WHAT THE TASK ASKS>
State how many lines of the entries below hold the word "This"; reply with nothing but the number.

SUPPLIED ENTRIES>
- Opening Delimiter -

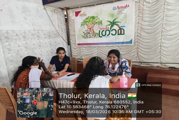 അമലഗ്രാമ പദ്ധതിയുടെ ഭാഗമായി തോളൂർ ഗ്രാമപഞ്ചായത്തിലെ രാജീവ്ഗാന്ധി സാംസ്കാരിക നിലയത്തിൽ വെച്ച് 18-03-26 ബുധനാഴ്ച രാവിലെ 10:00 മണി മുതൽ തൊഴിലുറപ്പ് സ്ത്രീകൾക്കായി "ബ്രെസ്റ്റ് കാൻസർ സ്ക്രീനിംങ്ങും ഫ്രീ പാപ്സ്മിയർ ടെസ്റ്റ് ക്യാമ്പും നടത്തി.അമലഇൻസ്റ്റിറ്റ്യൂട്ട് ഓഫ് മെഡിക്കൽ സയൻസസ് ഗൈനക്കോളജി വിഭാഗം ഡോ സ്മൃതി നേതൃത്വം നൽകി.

- Closing Delimiter -
- Opening Delimiter -

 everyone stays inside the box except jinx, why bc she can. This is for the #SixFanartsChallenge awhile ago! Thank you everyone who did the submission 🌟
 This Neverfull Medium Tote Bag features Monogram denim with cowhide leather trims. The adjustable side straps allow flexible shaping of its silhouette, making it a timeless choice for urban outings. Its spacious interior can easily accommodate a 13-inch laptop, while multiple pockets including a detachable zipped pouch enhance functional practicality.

- Closing Delimiter -
- Opening Delimiter -

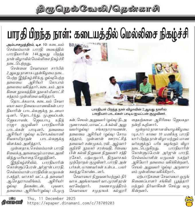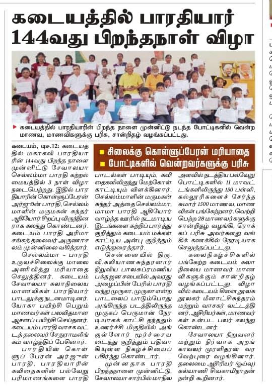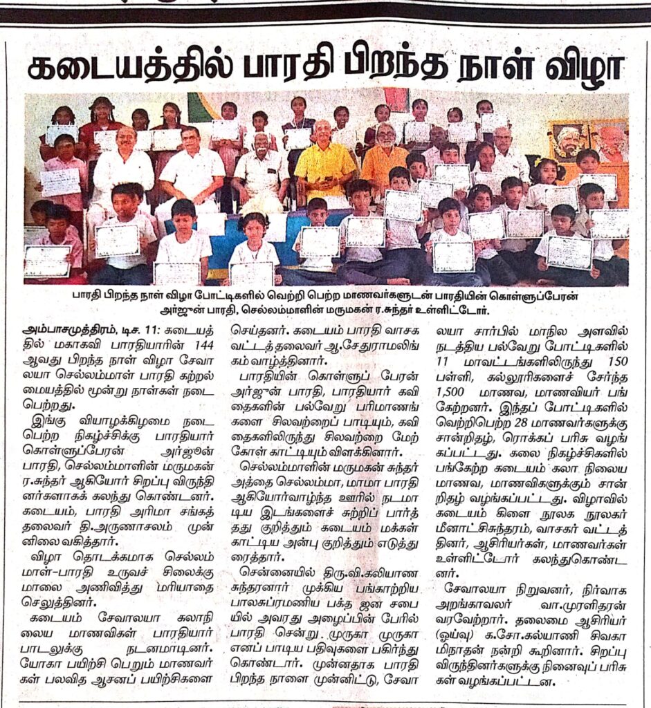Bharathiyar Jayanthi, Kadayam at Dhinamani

- Closing Delimiter -

EXERCISE RESULT>
2